Chemists from the University of Florida have developed a technique for growing new materials from nanorods.

The study marks a breakthrough in the field, demonstrating how thermodynamic forces can manipulate nanoparticle growth into superparticles with exceptional precision. The research is described in Science.

Charles Cao, professor of chemistry at UF said: “Like putting oxygen atoms and hydrogen atoms together in a two-to-one ratio – the synergy gives you water, something with properties completely different from the ingredients themselves.”

The technique for making single nanorods is well established, but until now, it was unknown how to assemble them in a controlled manner. The researchers bathed individual fluorescent nanorods in a series of liquid compounds which reacted with hydrophobic regions on the rods, pushing them together to create a larger, more complex particle. They found that two different treatments yielded two different products.

“One treatment gave us something completely unexpected- these superparticles with a really sophisticated structure unlike anything we’ve seen before,” said Tie Wang, lead author of the study.

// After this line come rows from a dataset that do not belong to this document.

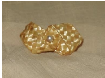
Figure 7. Wheat-Straw Brooch, Xinhe Caobian, China Qingdao

willow, wood, these ingenious straw products have not faded the fragrance of the field, and put on the luster of fashion (Figure 7). Japanese designer Momoko Fujii uses Rice leaves and straw to make jewelry, the jewelries may turn yellow from bright green after the completion as time goes by, the changes of the color make a bridge between the wearer and the designer (Figure 8). Many Brazil jewelry designers like the use natural fiber to make jewelry, such as Ivete Cattani made a pair of cufflinks (Figure 9) by using one special fiber called golden grass ( Syngonanthus nitens Bong. Ruhland), which is distinguished from the others by the golden glow specific of the species and only found in a small area of the Cerrado biome.
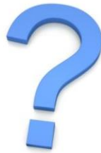
Frequently Asked Questions (FAQ)
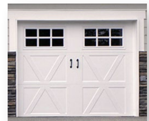
Optional garage door packages available
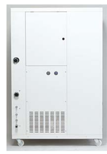
Rear of GAS410
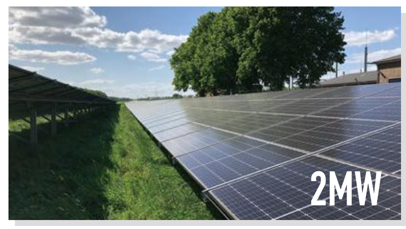
Project Type: G-Mounted Location: Netherlands / Goor Commission Date: 2020-6 Product: SRP-320-BMB
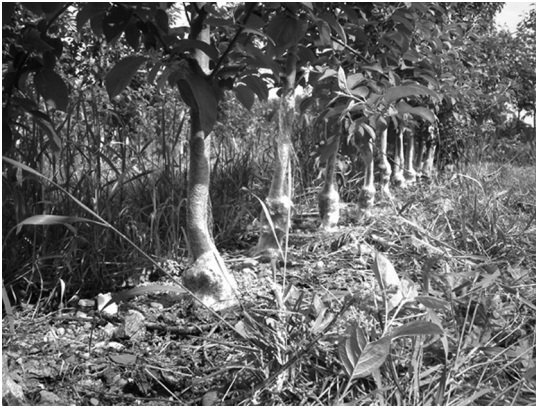
Fig. 1. Apple tree trunks covered by nonwoven EVA fiber barriers, North Huron, NY.

which entails considerable labor and potential for worker exposure.
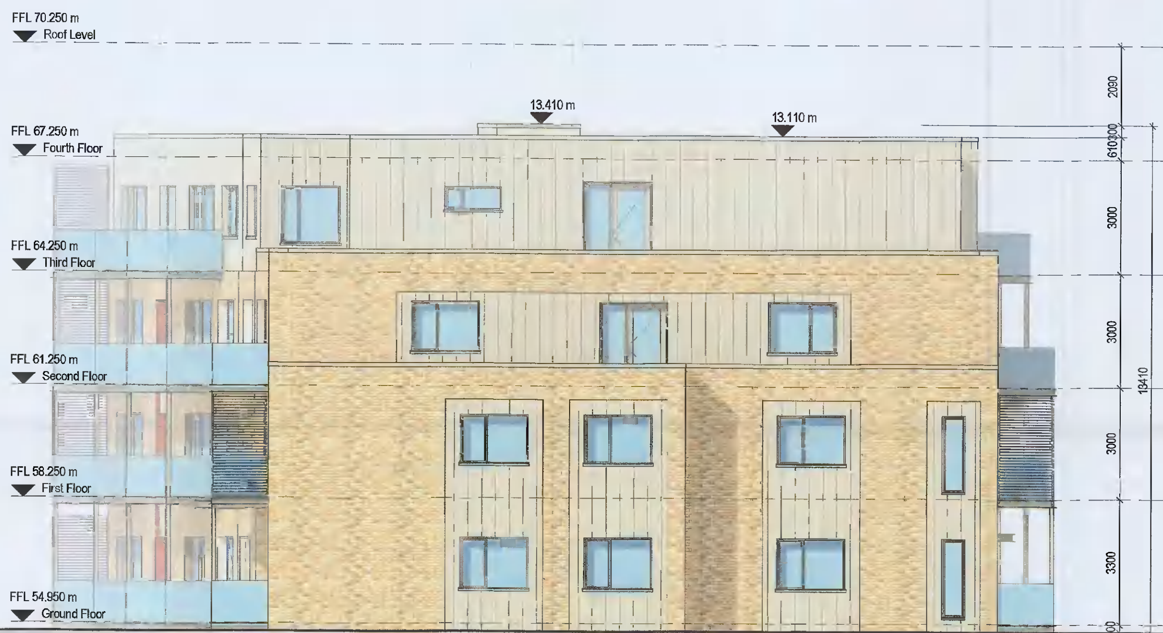
BLOCK 3 WEST ELEVATION FACING HAYDEN'S LANE 1 : 100
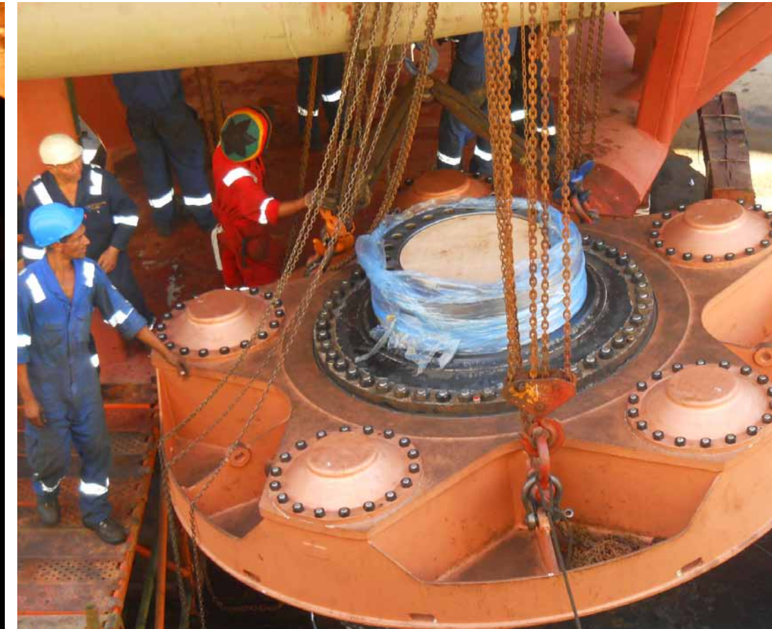
Refitting of Voith rotor into Enseleni Harbour tug

“IF A CUSTOMER NEEDS SOMETHING DONE QUICKLY AND DONE WELL THEY KNOW THERE IS NO BETTER COMPANY TO TURN TO THAN HESPER ENGINEERING”
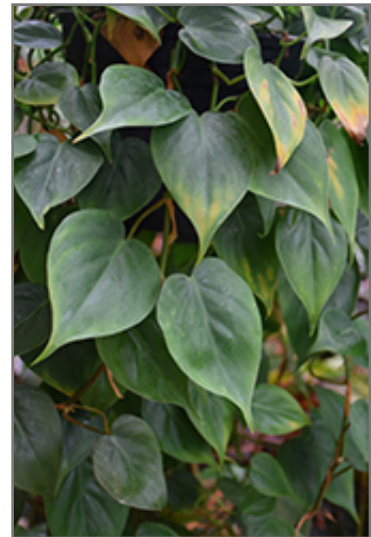
Jade Pothos foliage
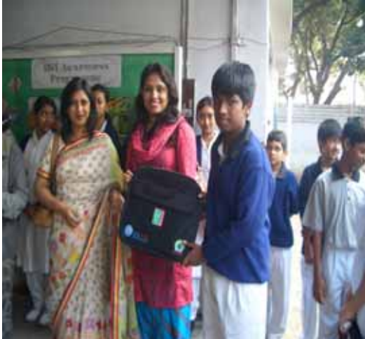
Nishorgo Staffs giving out Quiz Prizes at Sunbeams School.

The 3<sup>rd</sup> School Outreach was held in The Aga Khan School on 18<sup>th</sup> February with 75 middle school students aging between 11 to 13 plus.
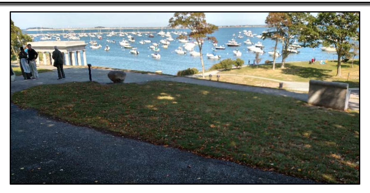
Plymouth Rock (1921 Monument Enclosure at left) at Plymouth Harbor
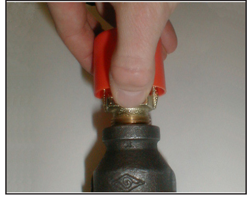
Figure 3: Sprinkler cap being removed from and upright sprinkler.
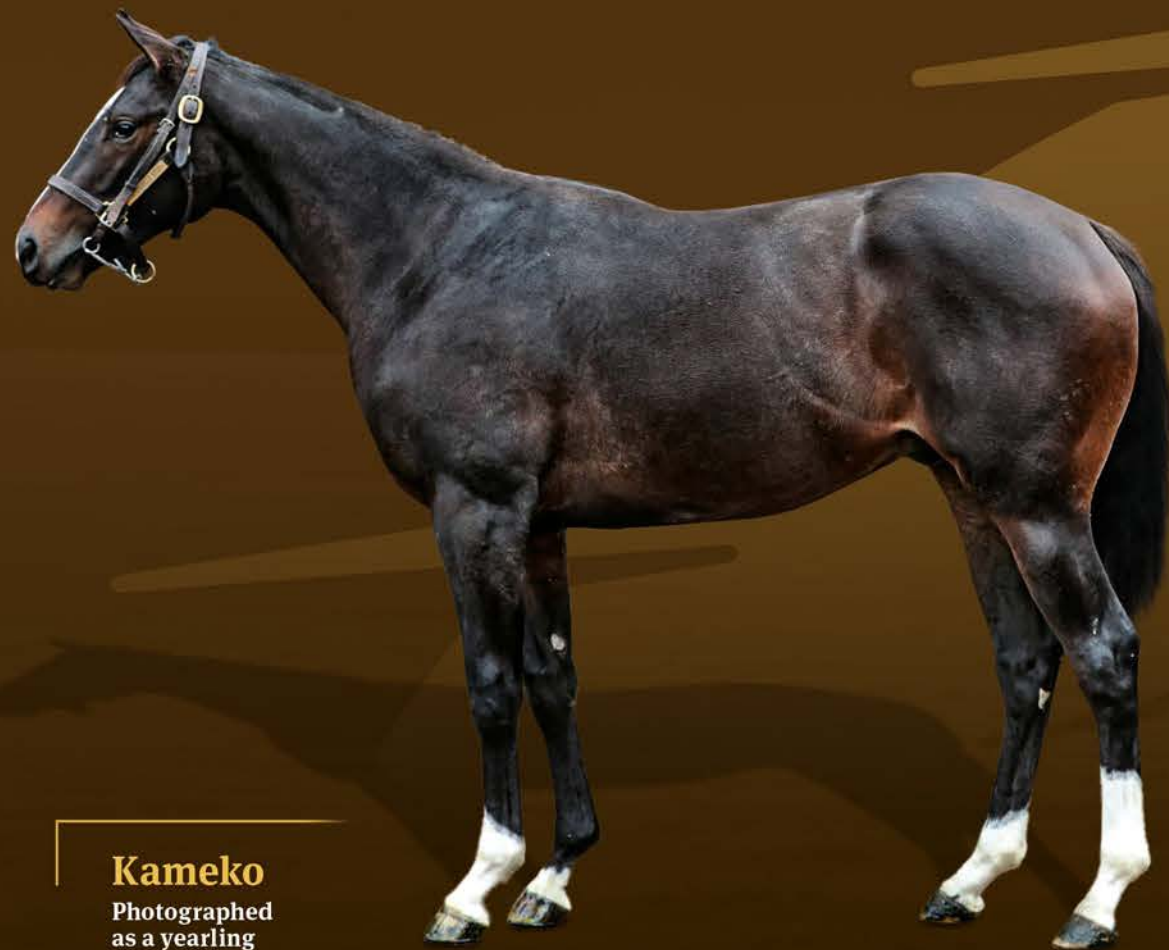
Kameko Photographed as a yearling

Breeders who have booked mares to Kameko include:
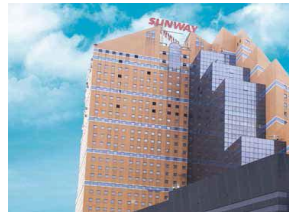
Sunway Putra Tower
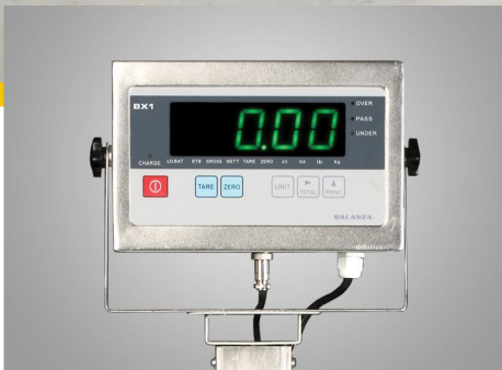
STAINLESS STEEL BX-1 INDICATOR
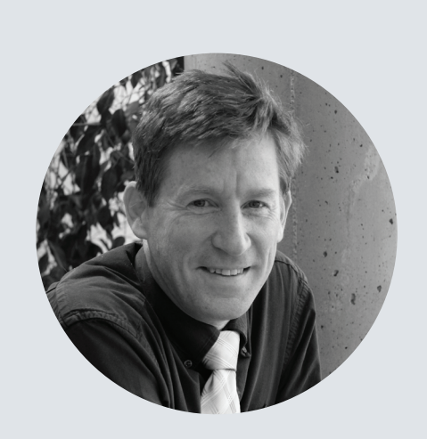
Network manager at the European Agency for Occupational Safety and Health (EU-OSHA)

"It is not possible to change an organizational culture without the full involvement of the workforce."
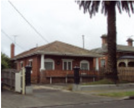
Former Malvern Dairy

The other treatment resulted in a less complex structure that the researchers were able to grow into a small square of polarized film (about a quarter the size of a postage stamp).  The film could one day be used to increase the efficiency in polarized LED television and computer screens by up to 50 per cent.
 

“I don’t think anyone has been able to get them to self-assemble into superparticles like this before. They have achieved a tour-de-force in precision and control,” said Dmitri Talapin, an associate professor of chemistry at the University of Chicago.